Parameter Estimation

• Focus on methods to infer parameters based on data.

• Key approaches:

  • Method of Moments (MoM)

  • Maximum Likelihood Estimation (ML)

  • Maximum a Posteriori (MAP)

  • Bayesian approach.

Method of Moments

• Uses moments of a dataset to estimate parameters.

  • Sample means and variances relate to the actual moments of the distribution.

  • Equate sample statistics to distribution moments and solve for parameters.

Maximum Likelihood Estimation (ML)

• Maximizes the likelihood function to estimate parameters.

• Likelihood function is defined as the probability of data given the parameters.

  • If data points are i.i.d., likelihood can be expressed as a product.

• Example provided in the context of clickthrough rates in web ad analysis.

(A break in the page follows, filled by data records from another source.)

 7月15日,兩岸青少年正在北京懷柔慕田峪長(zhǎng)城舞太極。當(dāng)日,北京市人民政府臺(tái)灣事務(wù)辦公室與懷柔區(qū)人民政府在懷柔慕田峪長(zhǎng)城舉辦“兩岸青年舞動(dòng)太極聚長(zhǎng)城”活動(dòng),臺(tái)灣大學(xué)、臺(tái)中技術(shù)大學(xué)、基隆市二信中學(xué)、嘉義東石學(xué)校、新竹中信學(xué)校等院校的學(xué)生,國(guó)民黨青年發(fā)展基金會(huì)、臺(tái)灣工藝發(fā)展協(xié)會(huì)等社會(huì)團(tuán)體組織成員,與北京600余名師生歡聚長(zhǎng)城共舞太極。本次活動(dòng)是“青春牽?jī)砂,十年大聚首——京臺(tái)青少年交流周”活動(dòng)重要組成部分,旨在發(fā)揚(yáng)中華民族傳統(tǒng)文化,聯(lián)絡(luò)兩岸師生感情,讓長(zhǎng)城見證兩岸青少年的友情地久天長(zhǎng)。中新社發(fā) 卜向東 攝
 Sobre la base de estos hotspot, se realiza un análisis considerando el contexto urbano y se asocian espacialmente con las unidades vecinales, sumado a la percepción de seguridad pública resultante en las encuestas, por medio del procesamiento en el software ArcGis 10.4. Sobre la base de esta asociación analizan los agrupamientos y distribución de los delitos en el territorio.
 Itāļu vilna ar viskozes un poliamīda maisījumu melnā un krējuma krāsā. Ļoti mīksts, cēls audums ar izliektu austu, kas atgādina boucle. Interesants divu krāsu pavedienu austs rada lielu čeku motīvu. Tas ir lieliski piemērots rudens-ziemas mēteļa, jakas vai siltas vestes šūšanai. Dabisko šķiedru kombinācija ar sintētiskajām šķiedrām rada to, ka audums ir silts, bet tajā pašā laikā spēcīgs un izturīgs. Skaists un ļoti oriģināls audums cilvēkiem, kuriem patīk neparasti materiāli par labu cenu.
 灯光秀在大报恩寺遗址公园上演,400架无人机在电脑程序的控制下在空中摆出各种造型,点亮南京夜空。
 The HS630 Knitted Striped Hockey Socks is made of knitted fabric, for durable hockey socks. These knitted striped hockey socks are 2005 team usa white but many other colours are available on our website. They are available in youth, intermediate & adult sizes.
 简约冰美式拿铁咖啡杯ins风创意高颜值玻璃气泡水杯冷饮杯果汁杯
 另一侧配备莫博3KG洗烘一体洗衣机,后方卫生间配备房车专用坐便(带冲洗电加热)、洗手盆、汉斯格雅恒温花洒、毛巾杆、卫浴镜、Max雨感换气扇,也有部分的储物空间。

Maximum a Posteriori (MAP)

• Addresses limitations of ML by incorporating prior beliefs about parameters.

• Combines likelihood with prior probabilities, aiming to maximize posterior distribution.

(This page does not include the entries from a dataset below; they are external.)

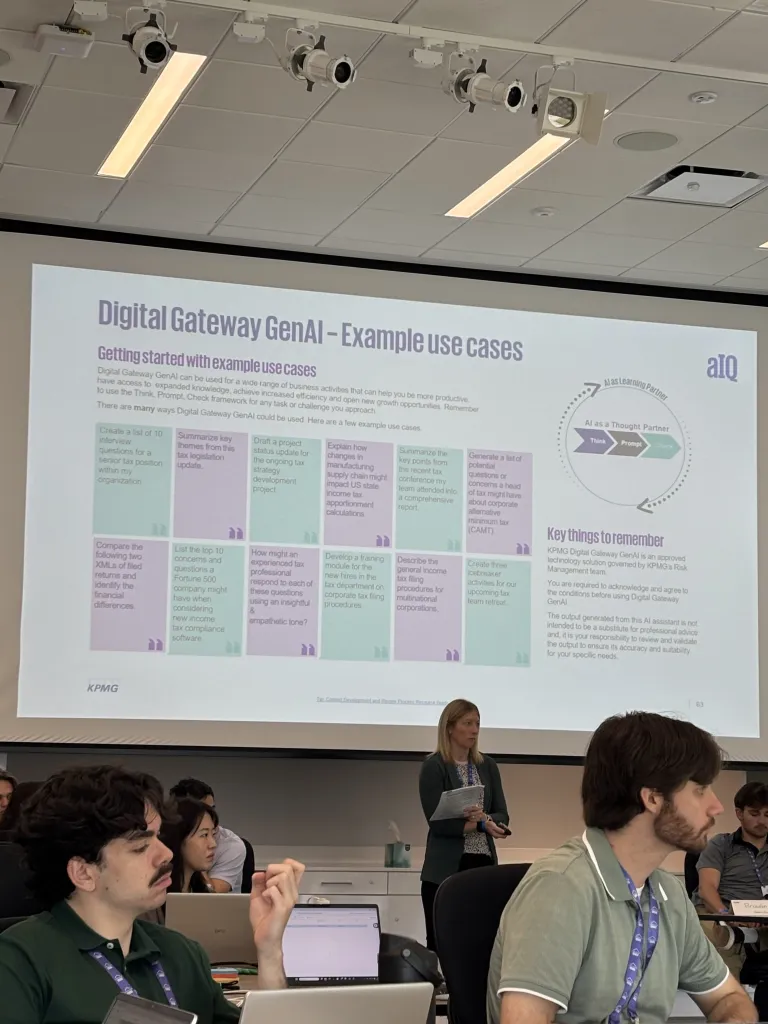 At the heart of the current lesson plan is a framework in which KPMG instructors training tax interns to “think, prompt, check,” or TPC. Holly Ricker, a director in the tax learning and development group, told Fortune that the framework had evolved in just the last three months; it used to be “think first, prompt later,” but she and other instructors realized that they needed to explicitly tell students to check things. “We were telling everyone to think first and then prompt, but … just because you’re prompting, doesn’t mean you’re getting the right prompt.” She said she’s pleased with the early results. “Everyone’s going around saying ‘TPC, remember the TPC.’ It’s really caught on.”
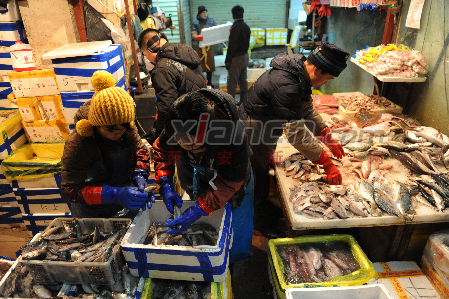 凌晨4时,寒风刺骨,当整个城市还在沉睡的时候,位于西一路的水产品市场已灯火通明、车水马龙。
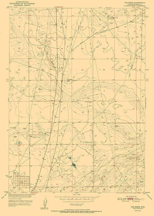 Reefs Wyoming Quad - USGS 1951 White Modern Wood Framed Art Print with Double Matting by USGS
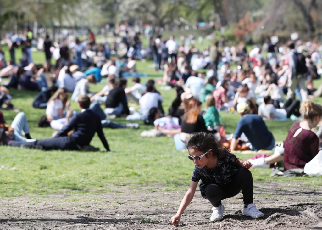 3月31日,一个小女孩在法国巴黎的蒙索公园玩耍。(新华社记者高静摄)
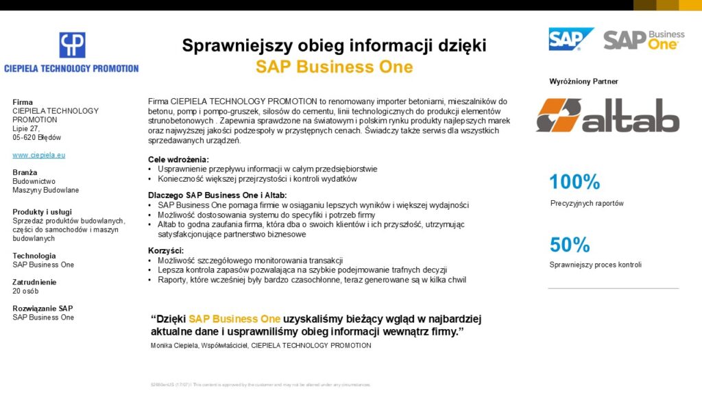 - SAP Business One pomaga firmie w osiąganiu lepszych wyników i większej wydajności

• Example considers a Bernoulli distribution for click rates, integrating prior probabilities to refine estimates.

Ridge Regression

• Extension of linear regression incorporating a regularization term.

  • Helps prevent overfitting by shrinking coefficient estimates.

  • Involves MAP estimation with a Gaussian prior on weights.

Comparing Linear vs Ridge Regression

• Demonstrates how ridge regression leads to smaller coefficient estimates (shrinkage effect) compared to standard linear regression, especially with small sample sizes or correlated features.

Summary of Parameter Estimation Methods

• Different estimation techniques serve various scenarios in modeling.

• Ongoing studies into Bayesian approaches will be covered in the next lecture.